William A. Rowe, Jr. wrote:
But the obvious tangle becomes - do we return T-E chunked - and is that
a valid header as a HEAD response with no body?

From 2616 4.3,

For response messages, whether or not a message-body is included with
   a message is dependent on both the request method and the response
status code (section 6.1.1). All responses to the HEAD request method MUST NOT include a message-body, even though the presence of entity-
   header fields might lead one to believe they do.

I read this that the T-E entity-header field should be forwarded.

I disagree.
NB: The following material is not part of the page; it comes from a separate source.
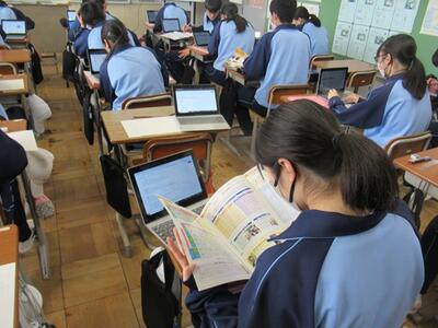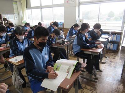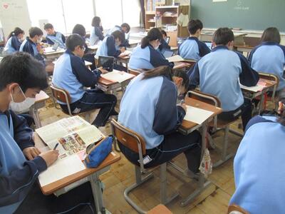 2年生は、総合的な学習の時間に高校調べをしました。高校のパンフレットやwebページを見ながら、高校の所在地や特色を調べ、まとめていました。1年後をイメージしながら、熱心に活動していました。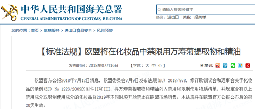 7月16日,海關總署官網消息稱,歐盟將在化妝品中禁限用萬壽菊提取物和精油。 歐盟官方公報7月12日消息,歐盟委員會7月9日發布法規(EU)2018/978,修訂歐......

T-E is a general-header field and must not
be provided if there is no message-body (see section 4.4).

   1.Any response message which "MUST NOT" include a message-body (such
     as the 1xx, 204, and 304 responses and any response to a HEAD
     request) is always terminated by the first empty line after the
     header fields, regardless of the entity-header fields present in
     the message.

Under 4.4

2.If a Transfer-Encoding header field (section 14.41) is present and
     has any value other than "identity", then the transfer-length is
     defined by use of the "chunked" transfer-coding (section 3.6),
     unless the message is terminated by closing the connection.

Which is obviously conditioned on number 1 above it.

But the only way we know we will send the same T-E and C-L values is to
determine the C-L as a result of piping the results through the output
filters to the network stack. Your patch suggests we should ignore that
potential issue.

That is completely irrelevant to forwarding a HEAD response.